§ Records provided

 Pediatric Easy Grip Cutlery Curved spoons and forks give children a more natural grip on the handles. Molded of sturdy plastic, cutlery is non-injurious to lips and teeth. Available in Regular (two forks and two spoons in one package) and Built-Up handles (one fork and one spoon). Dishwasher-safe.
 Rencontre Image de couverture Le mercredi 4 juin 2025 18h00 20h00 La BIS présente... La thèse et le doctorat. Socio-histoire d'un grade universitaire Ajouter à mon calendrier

* * *

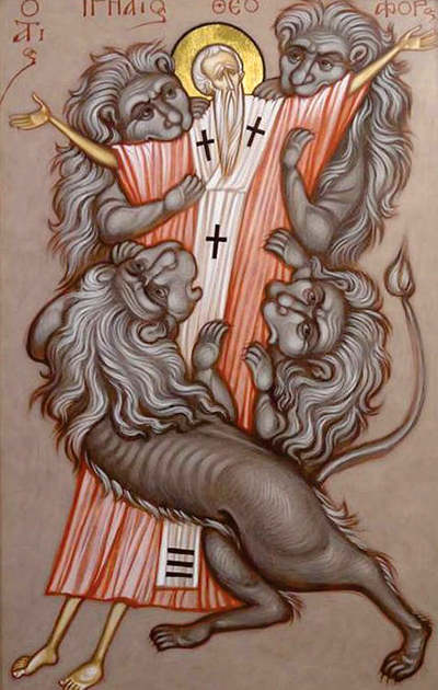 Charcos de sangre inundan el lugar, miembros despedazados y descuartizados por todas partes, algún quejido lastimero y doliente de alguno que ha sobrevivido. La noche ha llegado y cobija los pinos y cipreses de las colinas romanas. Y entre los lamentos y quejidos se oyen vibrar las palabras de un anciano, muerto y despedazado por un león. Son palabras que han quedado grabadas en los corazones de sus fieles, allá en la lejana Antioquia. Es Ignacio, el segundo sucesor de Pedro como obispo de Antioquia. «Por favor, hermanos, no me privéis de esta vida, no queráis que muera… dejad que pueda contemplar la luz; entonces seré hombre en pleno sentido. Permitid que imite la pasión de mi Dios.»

* * *

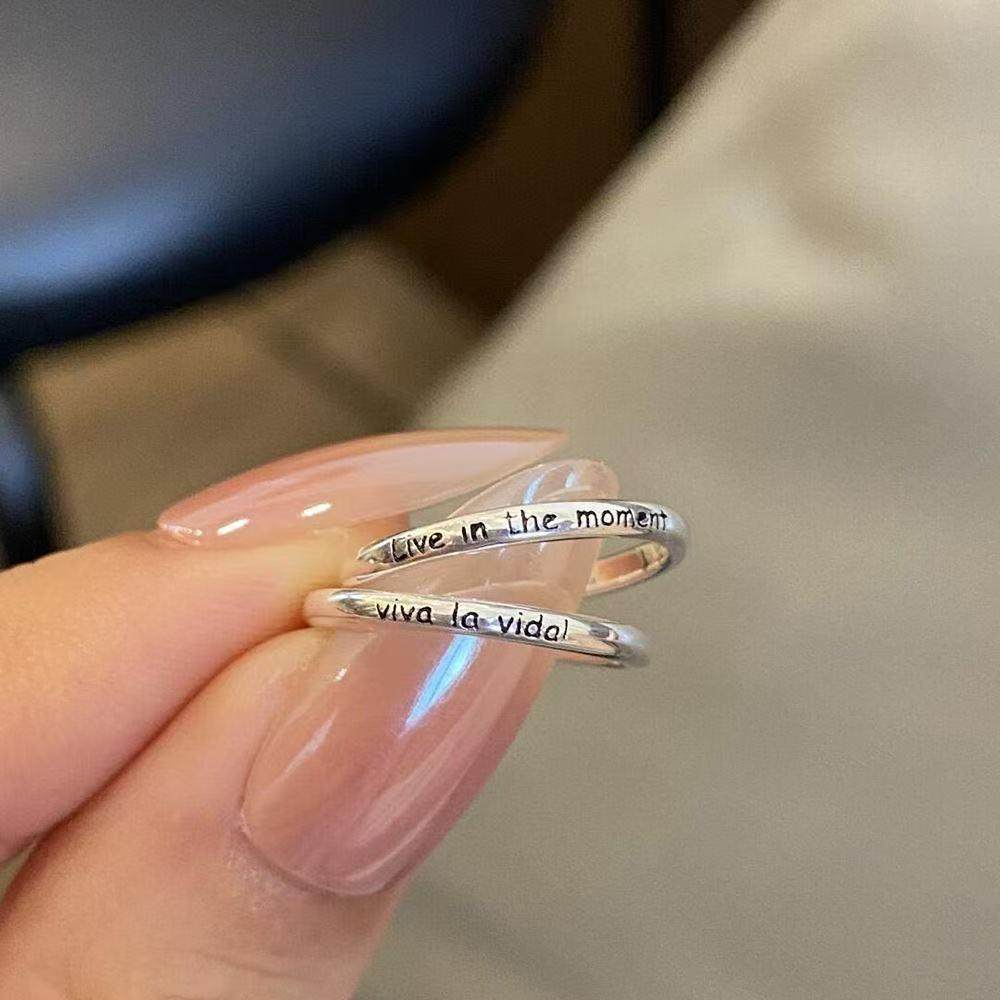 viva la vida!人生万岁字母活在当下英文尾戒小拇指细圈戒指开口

§ Work task
Among the lines above, repeat exactly those from the line with "Pediatric Easy Grip" to the line with "Rencontre Image de", counting both ends.

§ Task output
 Pediatric Easy Grip Cutlery Curved spoons and forks give children a more natural grip on the handles. Molded of sturdy plastic, cutlery is non-injurious to lips and teeth. Available in Regular (two forks and two spoons in one package) and Built-Up handles (one fork and one spoon). Dishwasher-safe.
 Rencontre Image de couverture Le mercredi 4 juin 2025 18h00 20h00 La BIS présente... La thèse et le doctorat. Socio-histoire d'un grade universitaire Ajouter à mon calendrier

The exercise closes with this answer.